If a line in the data below includes the string "tout", please return a copy of it.

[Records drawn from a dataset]
--

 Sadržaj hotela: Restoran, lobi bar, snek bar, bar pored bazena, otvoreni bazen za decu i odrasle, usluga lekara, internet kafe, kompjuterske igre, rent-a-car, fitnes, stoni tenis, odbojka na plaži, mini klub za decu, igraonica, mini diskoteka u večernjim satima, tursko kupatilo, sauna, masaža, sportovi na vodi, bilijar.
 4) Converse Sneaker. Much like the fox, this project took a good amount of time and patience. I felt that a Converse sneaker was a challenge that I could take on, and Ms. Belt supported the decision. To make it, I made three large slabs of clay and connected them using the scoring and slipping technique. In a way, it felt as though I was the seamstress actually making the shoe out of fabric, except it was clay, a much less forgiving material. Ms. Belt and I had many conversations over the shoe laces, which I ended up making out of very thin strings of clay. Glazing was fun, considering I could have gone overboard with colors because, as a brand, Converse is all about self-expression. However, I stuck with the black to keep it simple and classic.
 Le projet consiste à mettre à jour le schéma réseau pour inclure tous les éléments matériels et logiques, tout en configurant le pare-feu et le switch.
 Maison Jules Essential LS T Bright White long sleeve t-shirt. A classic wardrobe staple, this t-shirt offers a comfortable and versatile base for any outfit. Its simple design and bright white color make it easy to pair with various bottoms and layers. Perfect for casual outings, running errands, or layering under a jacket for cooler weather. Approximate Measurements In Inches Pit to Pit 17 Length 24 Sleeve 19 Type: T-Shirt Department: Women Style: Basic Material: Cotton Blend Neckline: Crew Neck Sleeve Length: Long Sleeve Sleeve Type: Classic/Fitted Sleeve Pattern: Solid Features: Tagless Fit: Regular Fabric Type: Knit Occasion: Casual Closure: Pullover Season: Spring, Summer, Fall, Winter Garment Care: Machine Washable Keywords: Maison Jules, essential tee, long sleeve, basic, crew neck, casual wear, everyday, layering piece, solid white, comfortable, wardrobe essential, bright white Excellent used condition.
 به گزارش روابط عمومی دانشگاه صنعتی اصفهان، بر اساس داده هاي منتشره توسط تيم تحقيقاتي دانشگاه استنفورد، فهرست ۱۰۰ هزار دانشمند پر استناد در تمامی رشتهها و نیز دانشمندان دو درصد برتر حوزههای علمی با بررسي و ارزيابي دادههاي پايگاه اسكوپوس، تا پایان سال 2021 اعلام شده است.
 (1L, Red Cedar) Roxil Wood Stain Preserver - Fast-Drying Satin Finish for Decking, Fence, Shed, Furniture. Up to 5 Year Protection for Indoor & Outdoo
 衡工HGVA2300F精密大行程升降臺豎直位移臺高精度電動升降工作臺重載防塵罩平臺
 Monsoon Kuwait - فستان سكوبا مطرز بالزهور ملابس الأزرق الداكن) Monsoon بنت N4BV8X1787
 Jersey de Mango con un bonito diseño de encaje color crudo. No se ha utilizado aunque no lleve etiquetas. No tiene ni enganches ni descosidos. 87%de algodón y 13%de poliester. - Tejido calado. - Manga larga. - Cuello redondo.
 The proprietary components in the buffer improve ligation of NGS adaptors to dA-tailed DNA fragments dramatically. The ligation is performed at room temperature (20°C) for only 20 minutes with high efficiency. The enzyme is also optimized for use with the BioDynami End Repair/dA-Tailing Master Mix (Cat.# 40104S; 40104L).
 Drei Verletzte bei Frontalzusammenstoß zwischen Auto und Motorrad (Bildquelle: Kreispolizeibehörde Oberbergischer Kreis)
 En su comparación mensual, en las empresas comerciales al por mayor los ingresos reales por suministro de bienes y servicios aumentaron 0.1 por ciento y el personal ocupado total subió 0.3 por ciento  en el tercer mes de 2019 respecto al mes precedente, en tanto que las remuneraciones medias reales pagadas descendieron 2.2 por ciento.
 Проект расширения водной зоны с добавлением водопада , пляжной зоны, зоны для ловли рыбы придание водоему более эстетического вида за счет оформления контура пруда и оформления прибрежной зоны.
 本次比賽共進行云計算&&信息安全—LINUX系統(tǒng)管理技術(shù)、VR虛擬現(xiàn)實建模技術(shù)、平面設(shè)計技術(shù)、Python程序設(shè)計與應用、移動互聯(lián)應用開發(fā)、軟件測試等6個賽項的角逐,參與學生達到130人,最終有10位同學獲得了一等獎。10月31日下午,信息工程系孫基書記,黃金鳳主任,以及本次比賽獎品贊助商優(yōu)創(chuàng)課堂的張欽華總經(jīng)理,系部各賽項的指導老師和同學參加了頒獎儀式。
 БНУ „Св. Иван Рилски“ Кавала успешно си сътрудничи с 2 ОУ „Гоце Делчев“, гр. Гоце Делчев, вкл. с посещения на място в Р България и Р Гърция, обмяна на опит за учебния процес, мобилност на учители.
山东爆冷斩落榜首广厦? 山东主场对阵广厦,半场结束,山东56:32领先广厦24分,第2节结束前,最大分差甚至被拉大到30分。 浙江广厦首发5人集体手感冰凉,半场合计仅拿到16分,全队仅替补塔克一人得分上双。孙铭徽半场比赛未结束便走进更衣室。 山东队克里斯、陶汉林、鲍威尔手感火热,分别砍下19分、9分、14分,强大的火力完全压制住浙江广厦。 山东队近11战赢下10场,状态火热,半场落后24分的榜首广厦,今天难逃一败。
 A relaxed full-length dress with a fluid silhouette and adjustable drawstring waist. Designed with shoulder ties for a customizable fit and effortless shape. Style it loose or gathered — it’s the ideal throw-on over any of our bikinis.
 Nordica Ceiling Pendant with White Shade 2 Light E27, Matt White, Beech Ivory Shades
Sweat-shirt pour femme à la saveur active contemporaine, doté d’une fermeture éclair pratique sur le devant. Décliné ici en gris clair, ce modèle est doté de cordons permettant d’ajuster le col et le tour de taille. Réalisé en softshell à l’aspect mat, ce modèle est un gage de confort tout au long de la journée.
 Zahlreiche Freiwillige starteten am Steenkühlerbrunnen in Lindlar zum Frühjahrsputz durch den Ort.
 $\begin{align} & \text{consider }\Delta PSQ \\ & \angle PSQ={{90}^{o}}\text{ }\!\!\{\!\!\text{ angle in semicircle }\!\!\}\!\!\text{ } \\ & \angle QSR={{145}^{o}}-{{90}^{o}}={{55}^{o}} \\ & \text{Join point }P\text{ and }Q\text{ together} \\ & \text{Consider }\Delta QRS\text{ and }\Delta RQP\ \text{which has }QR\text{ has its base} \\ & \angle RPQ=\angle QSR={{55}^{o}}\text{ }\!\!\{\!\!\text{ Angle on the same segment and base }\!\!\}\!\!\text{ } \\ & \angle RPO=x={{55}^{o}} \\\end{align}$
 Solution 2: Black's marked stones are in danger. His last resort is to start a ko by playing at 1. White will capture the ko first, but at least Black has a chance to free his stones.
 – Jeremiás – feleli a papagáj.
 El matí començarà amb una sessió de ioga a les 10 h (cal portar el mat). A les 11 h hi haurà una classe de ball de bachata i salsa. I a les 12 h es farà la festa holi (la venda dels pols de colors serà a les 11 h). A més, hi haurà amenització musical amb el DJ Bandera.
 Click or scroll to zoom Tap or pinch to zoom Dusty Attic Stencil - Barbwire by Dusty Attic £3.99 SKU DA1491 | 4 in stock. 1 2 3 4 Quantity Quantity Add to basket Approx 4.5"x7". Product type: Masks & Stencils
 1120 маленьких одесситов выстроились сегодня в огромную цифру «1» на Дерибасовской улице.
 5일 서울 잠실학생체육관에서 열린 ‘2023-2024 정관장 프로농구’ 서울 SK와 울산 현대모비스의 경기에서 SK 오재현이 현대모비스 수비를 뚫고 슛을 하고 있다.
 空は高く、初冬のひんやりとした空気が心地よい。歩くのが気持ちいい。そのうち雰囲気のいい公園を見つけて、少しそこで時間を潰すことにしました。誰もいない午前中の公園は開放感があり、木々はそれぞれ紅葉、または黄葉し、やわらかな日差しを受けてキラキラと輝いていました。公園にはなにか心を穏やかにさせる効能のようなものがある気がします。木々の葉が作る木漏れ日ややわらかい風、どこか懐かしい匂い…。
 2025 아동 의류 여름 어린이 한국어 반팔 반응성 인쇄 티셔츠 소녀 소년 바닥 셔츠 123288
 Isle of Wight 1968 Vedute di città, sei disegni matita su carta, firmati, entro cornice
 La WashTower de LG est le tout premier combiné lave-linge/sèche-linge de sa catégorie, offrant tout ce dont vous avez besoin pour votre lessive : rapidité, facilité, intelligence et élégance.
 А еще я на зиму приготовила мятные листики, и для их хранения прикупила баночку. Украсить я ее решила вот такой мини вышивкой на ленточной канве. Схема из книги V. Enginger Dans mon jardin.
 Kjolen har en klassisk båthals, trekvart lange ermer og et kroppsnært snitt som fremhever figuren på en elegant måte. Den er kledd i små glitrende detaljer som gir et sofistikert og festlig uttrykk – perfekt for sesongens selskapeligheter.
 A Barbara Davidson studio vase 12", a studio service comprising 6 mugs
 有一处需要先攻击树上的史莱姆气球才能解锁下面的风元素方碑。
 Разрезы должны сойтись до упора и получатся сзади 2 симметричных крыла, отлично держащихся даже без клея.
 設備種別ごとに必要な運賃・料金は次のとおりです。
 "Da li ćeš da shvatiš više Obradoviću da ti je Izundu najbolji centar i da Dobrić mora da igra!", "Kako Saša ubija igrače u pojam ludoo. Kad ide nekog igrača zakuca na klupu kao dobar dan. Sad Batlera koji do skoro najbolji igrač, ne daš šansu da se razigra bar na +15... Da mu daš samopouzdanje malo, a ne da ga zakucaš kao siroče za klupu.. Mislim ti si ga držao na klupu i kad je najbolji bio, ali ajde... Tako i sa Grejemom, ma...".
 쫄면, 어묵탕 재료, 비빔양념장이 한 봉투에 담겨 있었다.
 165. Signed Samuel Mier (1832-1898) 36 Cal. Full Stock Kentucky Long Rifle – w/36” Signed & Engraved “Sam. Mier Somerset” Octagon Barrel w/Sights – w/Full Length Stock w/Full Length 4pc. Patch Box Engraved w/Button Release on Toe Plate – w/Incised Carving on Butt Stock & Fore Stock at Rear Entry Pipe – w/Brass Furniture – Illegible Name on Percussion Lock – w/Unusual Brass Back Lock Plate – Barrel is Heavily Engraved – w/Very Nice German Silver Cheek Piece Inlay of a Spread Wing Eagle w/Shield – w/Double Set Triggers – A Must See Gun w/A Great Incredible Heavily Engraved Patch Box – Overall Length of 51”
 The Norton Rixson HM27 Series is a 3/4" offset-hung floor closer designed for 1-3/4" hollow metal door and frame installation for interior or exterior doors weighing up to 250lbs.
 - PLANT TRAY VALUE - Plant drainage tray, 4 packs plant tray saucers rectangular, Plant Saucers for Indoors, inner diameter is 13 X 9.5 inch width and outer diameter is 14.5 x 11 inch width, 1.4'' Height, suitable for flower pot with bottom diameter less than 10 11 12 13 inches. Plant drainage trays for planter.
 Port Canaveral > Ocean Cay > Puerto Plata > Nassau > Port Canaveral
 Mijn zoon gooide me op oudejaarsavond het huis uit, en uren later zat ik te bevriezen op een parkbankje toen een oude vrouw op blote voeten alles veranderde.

--

» Solution for this exercise:
 Le projet consiste à mettre à jour le schéma réseau pour inclure tous les éléments matériels et logiques, tout en configurant le pare-feu et le switch.
Sweat-shirt pour femme à la saveur active contemporaine, doté d’une fermeture éclair pratique sur le devant. Décliné ici en gris clair, ce modèle est doté de cordons permettant d’ajuster le col et le tour de taille. Réalisé en softshell à l’aspect mat, ce modèle est un gage de confort tout au long de la journée.
 La WashTower de LG est le tout premier combiné lave-linge/sèche-linge de sa catégorie, offrant tout ce dont vous avez besoin pour votre lessive : rapidité, facilité, intelligence et élégance.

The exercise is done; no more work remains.